***** SUPPLIED DATA *****

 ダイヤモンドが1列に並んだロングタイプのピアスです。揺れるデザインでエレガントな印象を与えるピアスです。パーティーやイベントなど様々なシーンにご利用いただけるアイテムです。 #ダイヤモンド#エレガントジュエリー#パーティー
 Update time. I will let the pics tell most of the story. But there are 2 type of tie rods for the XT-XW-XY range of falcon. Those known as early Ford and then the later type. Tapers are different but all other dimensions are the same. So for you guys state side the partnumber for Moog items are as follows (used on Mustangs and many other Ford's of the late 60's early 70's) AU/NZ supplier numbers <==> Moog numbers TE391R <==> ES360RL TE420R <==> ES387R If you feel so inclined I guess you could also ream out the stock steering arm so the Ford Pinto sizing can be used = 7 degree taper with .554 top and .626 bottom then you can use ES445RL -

*****
***** SUPPLIED DATA *****

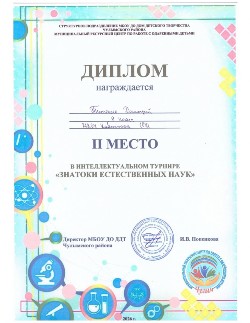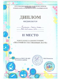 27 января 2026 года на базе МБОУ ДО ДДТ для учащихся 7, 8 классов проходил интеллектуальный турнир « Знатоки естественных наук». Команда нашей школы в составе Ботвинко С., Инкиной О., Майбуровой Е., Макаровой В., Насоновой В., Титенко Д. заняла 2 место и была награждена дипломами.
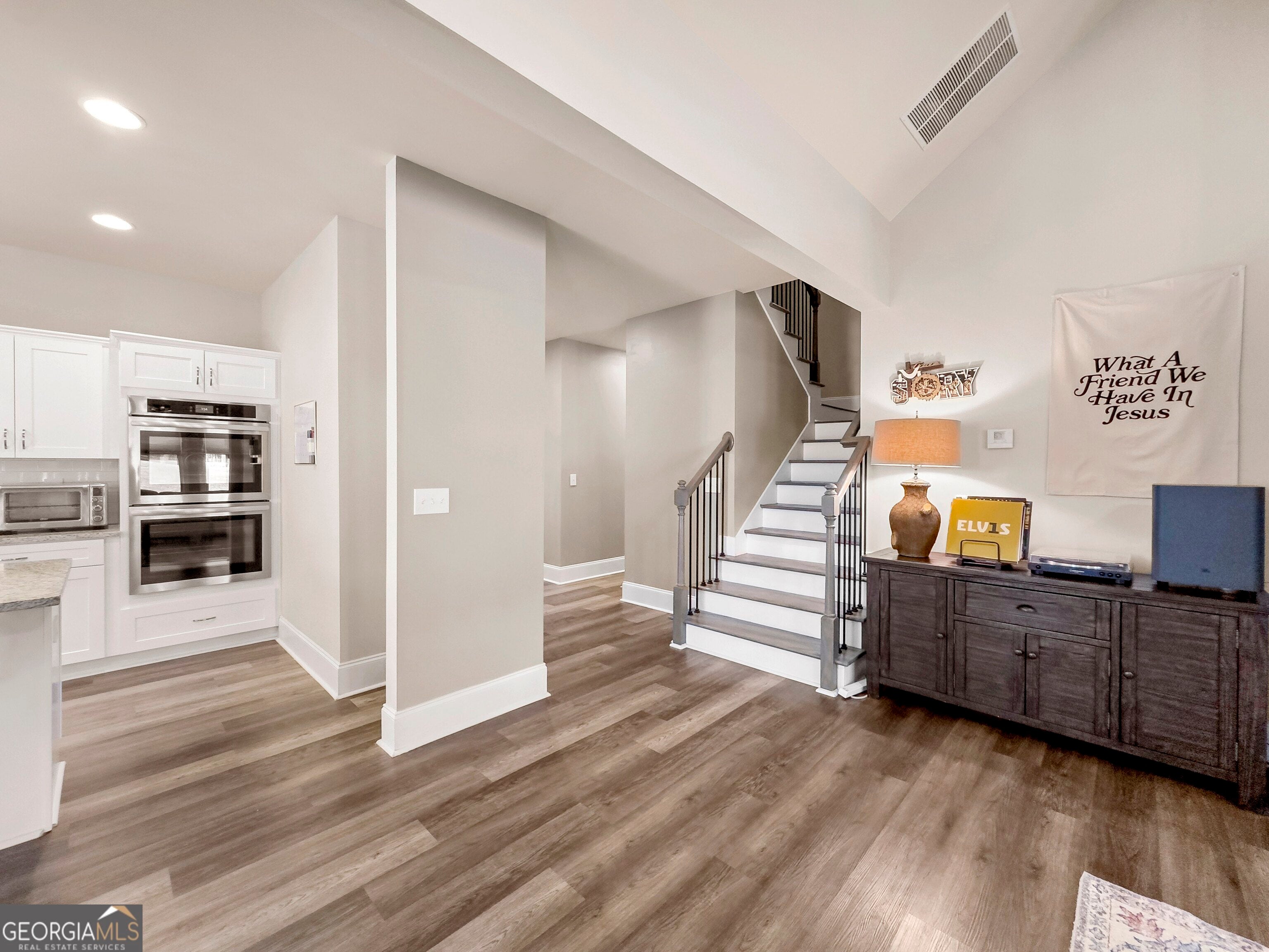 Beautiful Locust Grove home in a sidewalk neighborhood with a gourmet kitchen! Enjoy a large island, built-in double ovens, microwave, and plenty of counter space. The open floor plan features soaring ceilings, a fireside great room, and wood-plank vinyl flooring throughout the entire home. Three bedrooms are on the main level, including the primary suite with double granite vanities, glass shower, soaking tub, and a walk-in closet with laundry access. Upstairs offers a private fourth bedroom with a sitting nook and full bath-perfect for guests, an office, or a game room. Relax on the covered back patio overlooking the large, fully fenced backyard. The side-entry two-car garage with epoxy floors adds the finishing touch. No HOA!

*****
***** SUPPLIED DATA *****

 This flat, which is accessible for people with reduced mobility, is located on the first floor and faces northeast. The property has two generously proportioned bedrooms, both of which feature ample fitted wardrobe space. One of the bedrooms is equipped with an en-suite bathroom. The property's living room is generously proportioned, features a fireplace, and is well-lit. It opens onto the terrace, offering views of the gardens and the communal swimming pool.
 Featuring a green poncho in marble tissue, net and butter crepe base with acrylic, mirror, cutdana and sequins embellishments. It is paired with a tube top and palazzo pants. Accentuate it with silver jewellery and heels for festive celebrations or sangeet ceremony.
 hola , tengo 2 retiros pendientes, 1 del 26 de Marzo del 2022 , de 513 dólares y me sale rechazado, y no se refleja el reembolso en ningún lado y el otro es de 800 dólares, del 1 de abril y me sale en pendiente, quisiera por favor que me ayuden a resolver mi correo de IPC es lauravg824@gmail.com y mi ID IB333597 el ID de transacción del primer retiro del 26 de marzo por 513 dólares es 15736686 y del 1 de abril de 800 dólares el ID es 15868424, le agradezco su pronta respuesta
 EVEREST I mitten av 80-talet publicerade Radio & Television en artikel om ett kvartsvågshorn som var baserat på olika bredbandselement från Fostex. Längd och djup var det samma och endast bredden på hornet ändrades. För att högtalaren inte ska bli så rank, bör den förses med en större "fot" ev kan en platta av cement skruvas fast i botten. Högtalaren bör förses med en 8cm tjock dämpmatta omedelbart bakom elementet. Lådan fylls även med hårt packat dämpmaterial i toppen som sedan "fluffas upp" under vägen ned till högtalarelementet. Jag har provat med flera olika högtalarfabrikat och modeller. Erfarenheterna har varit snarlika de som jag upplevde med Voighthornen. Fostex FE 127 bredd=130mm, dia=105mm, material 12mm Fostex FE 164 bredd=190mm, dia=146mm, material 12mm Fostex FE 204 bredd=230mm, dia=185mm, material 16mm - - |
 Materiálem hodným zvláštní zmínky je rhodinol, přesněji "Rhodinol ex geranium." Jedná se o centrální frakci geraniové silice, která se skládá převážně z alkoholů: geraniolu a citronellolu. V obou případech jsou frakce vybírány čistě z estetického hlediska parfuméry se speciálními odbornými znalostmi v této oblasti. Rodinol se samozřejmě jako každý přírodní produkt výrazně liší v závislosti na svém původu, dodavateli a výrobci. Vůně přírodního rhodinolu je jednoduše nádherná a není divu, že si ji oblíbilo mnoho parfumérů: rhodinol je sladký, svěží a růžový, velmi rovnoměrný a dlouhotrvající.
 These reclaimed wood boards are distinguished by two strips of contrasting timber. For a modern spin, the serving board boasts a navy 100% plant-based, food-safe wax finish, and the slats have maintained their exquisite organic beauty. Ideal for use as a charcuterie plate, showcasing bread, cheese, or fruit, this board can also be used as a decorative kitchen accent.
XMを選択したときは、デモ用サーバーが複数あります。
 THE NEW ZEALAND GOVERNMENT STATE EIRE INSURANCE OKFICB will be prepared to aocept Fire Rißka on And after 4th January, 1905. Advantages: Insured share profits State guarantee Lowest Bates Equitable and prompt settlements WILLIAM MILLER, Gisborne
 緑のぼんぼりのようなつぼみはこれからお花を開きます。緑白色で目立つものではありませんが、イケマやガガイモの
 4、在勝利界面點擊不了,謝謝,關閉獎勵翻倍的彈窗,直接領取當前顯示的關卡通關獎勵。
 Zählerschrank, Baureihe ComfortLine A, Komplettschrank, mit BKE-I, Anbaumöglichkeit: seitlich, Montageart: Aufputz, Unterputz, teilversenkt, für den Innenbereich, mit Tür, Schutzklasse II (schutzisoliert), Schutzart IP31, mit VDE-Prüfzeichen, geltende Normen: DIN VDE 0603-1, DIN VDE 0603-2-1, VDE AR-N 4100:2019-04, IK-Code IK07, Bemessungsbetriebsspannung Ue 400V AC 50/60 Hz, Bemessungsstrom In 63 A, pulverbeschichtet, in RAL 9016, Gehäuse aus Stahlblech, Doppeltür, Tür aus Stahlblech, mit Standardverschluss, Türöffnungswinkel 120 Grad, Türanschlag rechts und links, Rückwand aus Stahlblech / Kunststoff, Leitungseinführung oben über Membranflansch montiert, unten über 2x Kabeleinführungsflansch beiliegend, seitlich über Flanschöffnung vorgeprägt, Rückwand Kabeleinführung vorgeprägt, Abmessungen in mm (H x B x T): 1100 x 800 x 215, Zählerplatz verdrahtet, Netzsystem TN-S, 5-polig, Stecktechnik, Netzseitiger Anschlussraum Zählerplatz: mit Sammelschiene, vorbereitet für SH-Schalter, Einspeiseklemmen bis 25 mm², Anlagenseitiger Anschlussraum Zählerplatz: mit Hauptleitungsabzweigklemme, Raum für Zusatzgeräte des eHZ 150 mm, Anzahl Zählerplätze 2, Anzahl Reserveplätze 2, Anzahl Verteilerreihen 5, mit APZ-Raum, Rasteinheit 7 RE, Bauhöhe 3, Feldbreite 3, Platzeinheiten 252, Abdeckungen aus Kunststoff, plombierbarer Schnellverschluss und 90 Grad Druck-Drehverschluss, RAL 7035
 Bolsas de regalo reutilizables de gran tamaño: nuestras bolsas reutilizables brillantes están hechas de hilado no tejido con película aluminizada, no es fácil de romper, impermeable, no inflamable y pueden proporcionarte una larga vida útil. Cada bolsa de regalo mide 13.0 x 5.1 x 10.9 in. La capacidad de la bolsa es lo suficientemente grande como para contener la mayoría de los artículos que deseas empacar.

*****

Once the line with "XMを選択したときは、デモ用サーバーが複数あります。" is found in the records above, print exactly that line and every line after it through the line with "4、在勝利界面點擊不了,謝謝".

**ANSWER BOX:**
XMを選択したときは、デモ用サーバーが複数あります。
 THE NEW ZEALAND GOVERNMENT STATE EIRE INSURANCE OKFICB will be prepared to aocept Fire Rißka on And after 4th January, 1905. Advantages: Insured share profits State guarantee Lowest Bates Equitable and prompt settlements WILLIAM MILLER, Gisborne
 緑のぼんぼりのようなつぼみはこれからお花を開きます。緑白色で目立つものではありませんが、イケマやガガイモの
 4、在勝利界面點擊不了,謝謝,關閉獎勵翻倍的彈窗,直接領取當前顯示的關卡通關獎勵。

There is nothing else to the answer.